* EXERCISE AIM
Go through the data and copy each line where the word "pour" shows up.

* EXERCISE MATERIALS
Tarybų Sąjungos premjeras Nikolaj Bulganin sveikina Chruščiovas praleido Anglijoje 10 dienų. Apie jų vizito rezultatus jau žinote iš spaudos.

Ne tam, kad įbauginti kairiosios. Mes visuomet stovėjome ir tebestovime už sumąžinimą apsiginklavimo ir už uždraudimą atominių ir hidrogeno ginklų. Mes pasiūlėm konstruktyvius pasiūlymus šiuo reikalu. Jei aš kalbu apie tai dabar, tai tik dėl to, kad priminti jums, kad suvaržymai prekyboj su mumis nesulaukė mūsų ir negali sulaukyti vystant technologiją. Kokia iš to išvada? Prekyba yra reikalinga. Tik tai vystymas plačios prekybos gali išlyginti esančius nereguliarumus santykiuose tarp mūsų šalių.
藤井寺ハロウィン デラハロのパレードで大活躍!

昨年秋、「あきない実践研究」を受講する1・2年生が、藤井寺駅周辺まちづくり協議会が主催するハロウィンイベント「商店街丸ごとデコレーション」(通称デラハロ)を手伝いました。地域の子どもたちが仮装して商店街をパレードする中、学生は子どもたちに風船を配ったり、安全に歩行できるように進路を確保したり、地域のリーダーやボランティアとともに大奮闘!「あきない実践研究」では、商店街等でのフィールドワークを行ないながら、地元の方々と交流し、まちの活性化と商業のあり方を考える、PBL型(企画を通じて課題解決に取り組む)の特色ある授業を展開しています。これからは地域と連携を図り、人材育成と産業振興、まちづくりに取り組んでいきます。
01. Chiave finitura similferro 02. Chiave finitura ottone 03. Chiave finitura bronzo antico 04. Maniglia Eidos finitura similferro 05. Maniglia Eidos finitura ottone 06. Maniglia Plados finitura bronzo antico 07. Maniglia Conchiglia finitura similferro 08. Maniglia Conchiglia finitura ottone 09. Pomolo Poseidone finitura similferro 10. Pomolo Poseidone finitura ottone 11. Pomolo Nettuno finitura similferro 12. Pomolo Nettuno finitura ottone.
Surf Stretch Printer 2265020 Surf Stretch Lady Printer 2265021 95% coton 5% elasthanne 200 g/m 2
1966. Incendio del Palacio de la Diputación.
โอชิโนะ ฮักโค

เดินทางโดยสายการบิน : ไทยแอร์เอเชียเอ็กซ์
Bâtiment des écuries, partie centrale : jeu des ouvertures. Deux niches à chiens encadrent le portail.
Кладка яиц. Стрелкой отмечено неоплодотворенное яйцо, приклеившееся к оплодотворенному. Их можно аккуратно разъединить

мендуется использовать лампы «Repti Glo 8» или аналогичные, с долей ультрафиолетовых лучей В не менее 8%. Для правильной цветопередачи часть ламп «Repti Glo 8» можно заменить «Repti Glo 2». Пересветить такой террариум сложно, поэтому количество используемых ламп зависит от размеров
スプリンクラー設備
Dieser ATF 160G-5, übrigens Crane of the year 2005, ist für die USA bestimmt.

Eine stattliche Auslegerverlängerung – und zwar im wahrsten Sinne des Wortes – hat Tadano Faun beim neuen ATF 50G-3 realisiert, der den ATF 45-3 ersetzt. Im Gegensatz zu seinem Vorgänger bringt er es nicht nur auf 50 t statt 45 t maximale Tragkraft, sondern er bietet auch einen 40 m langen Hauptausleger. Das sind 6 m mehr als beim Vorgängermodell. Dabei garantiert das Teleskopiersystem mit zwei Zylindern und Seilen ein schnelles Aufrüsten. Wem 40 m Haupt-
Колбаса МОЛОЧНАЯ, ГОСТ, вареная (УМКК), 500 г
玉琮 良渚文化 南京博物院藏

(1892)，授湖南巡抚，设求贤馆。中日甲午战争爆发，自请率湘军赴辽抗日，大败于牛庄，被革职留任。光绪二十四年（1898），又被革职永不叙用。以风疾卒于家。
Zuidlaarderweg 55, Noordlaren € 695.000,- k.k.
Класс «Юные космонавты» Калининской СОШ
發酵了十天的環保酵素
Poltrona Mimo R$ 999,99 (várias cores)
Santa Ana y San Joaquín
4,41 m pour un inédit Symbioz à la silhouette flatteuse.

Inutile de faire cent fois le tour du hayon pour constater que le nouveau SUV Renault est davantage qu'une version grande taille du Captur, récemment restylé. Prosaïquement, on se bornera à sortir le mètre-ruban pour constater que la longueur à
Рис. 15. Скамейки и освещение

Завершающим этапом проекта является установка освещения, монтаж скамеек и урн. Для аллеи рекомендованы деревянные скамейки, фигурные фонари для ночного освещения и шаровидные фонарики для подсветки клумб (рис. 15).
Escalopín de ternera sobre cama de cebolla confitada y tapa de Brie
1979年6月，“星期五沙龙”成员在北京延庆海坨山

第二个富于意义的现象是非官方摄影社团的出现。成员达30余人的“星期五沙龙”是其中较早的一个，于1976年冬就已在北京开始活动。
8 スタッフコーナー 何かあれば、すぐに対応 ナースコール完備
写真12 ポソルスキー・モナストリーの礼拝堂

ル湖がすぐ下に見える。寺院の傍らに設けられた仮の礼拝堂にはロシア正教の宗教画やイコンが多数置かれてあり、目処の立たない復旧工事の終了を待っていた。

* ANSWER FOR THIS EXERCISE
4,41 m pour un inédit Symbioz à la silhouette flatteuse.
Inutile de faire cent fois le tour du hayon pour constater que le nouveau SUV Renault est davantage qu'une version grande taille du Captur, récemment restylé. Prosaïquement, on se bornera à sortir le mètre-ruban pour constater que la longueur à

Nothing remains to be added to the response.